YOUR OBJECTIVE: Reproduce nothing but the lines from the start of the material through the line that includes "柴油发电机组工作时,要求进水", both ends included, and omit every picture.

STORED DATA:
━━━━━━━━━━━━━━━━━━━━
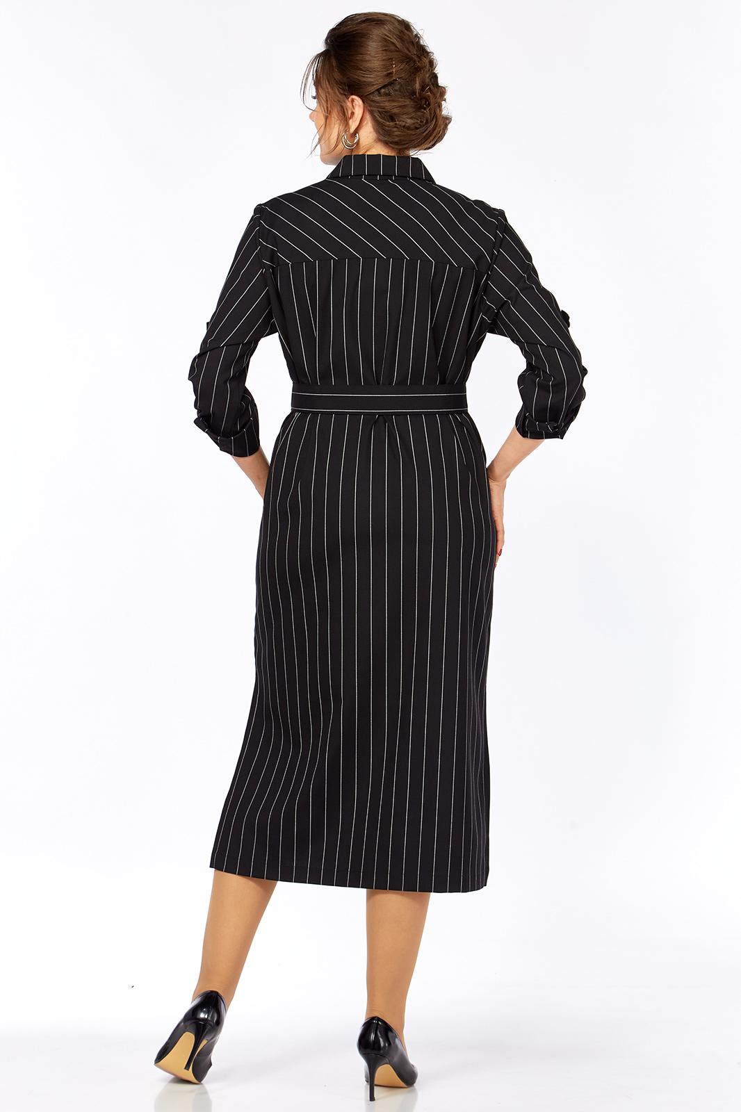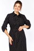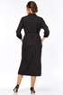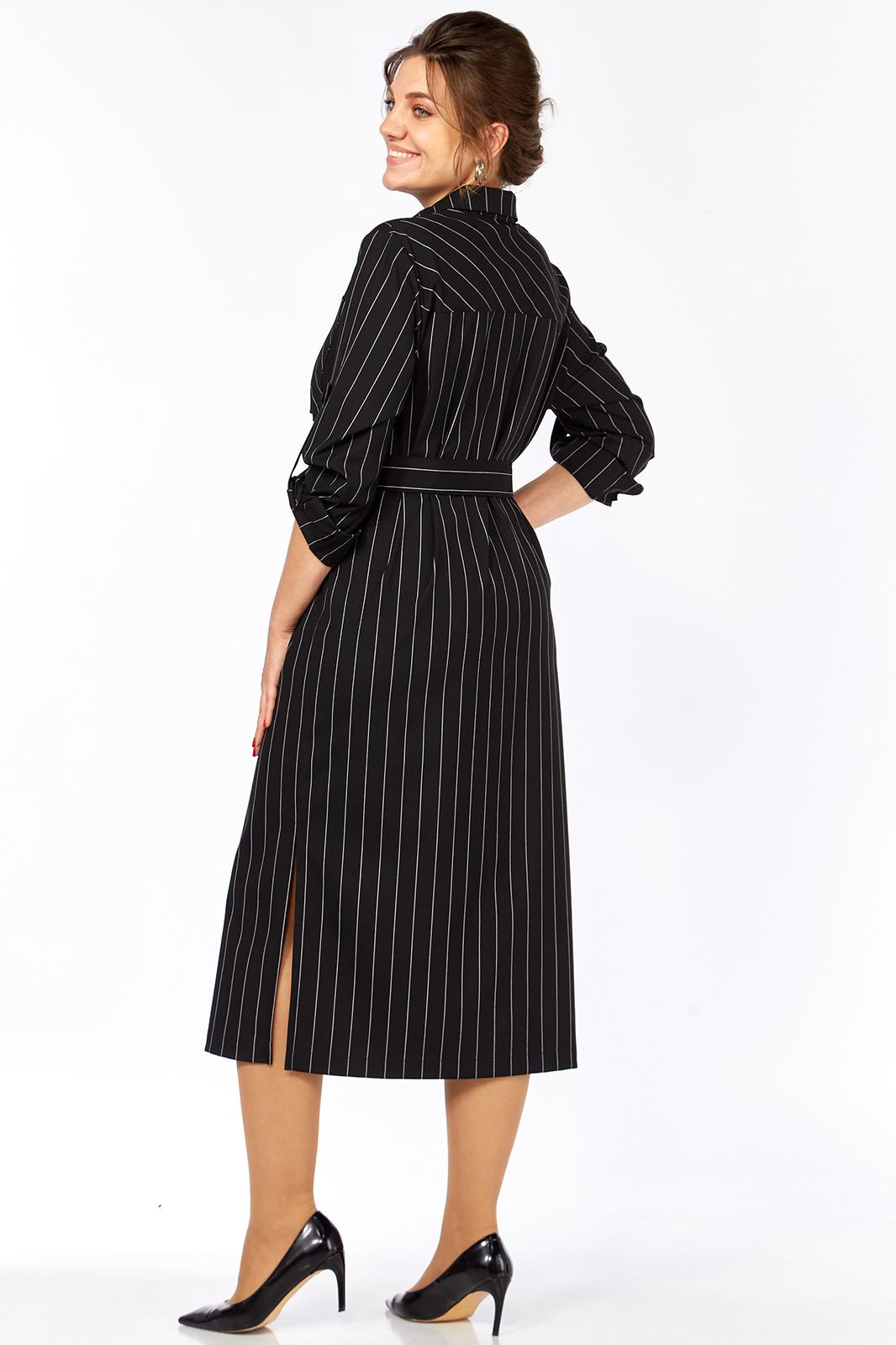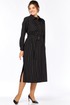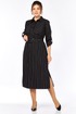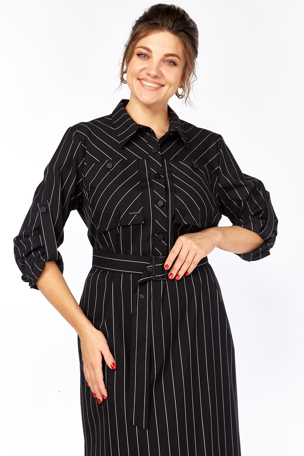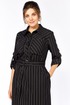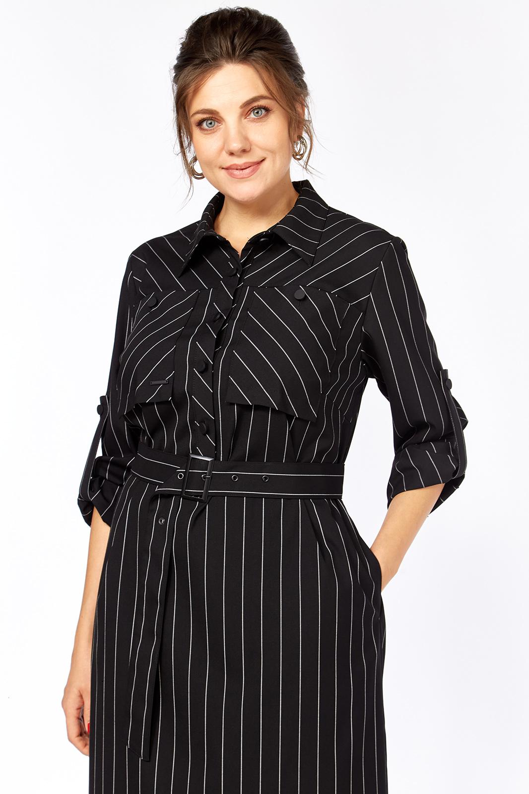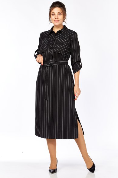 Модное платье-рубашка из плательно-костюмной ткани в изысканную полоску — идеальное сочетание шика и современности. Универсальная длина и разрезы по боковым швам придают образу лёгкость и динамику, а пояс выгодно подчёркивает линию талии, создавая женственный силуэт.
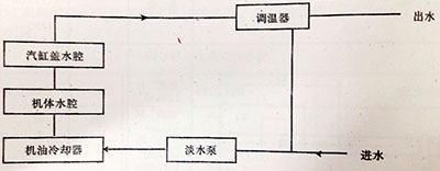 柴油发电机组工作时,要求进水温度不低于60℃,因此,对开式循环冷却系统的用水,应采取适当的措施以调节适宜的进水温度。一般可在水源与柴油发电机组之间装一只混水桶,将柴油发电机组的进出水口和从水源来的水汇接于混水桶,靠控制进入混水桶的冷水量,即可控制柴油发电机组的进水温度。
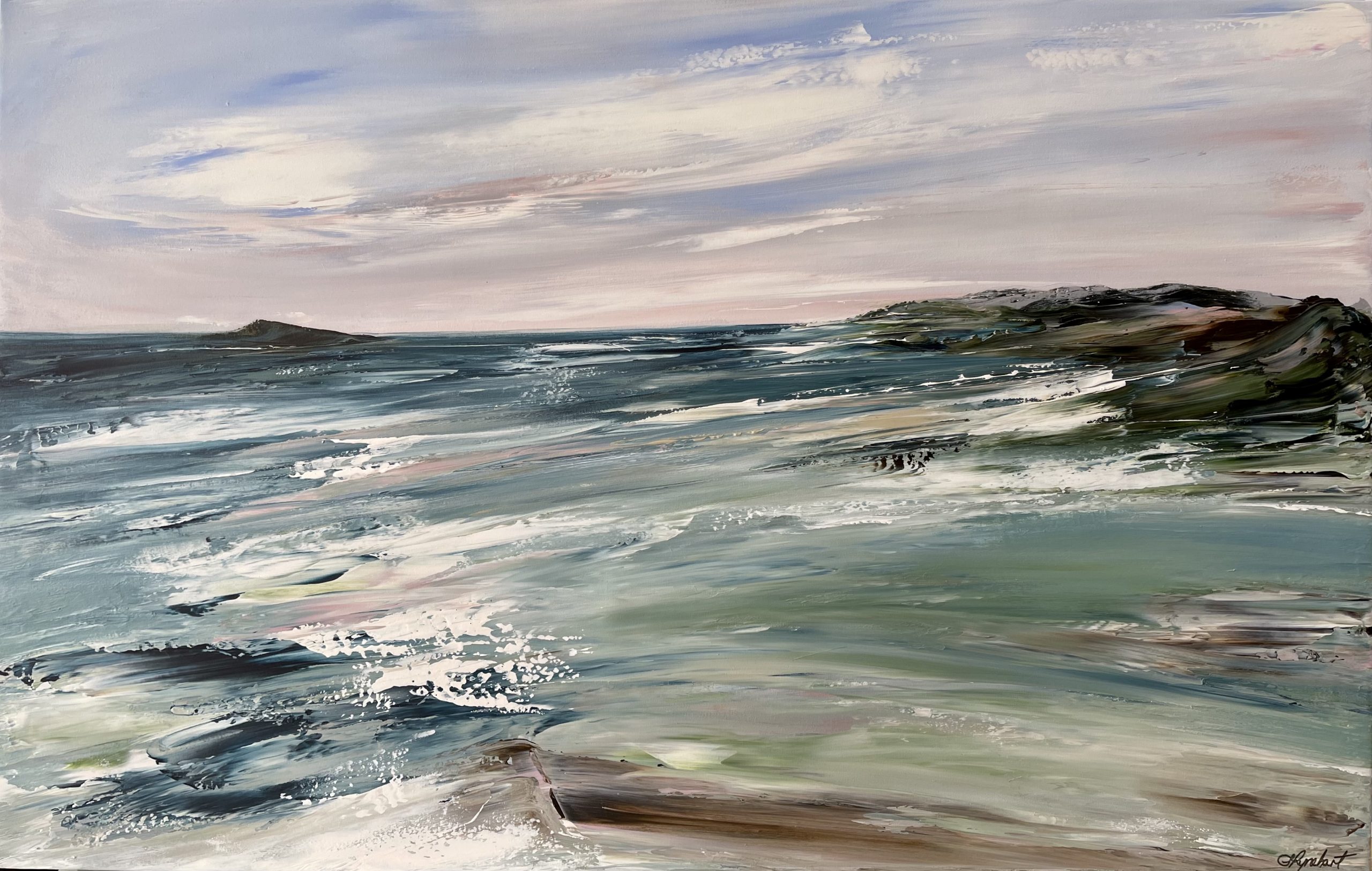 This statement artwork is created with palette knives on artist quality stretched canvas, and is satin varnished and comes with a COA. The painting has colour matched painted sides if you choose to purchase it unframed, or add an oak frame option for $300…get in touch before purchasing.
━━━━━━━━━━━━━━━━━━━━
REPLY TO THE EXERCISE:
 Модное платье-рубашка из плательно-костюмной ткани в изысканную полоску — идеальное сочетание шика и современности. Универсальная длина и разрезы по боковым швам придают образу лёгкость и динамику, а пояс выгодно подчёркивает линию талии, создавая женственный силуэт.
 柴油发电机组工作时,要求进水温度不低于60℃,因此,对开式循环冷却系统的用水,应采取适当的措施以调节适宜的进水温度。一般可在水源与柴油发电机组之间装一只混水桶,将柴油发电机组的进出水口和从水源来的水汇接于混水桶,靠控制进入混水桶的冷水量,即可控制柴油发电机组的进水温度。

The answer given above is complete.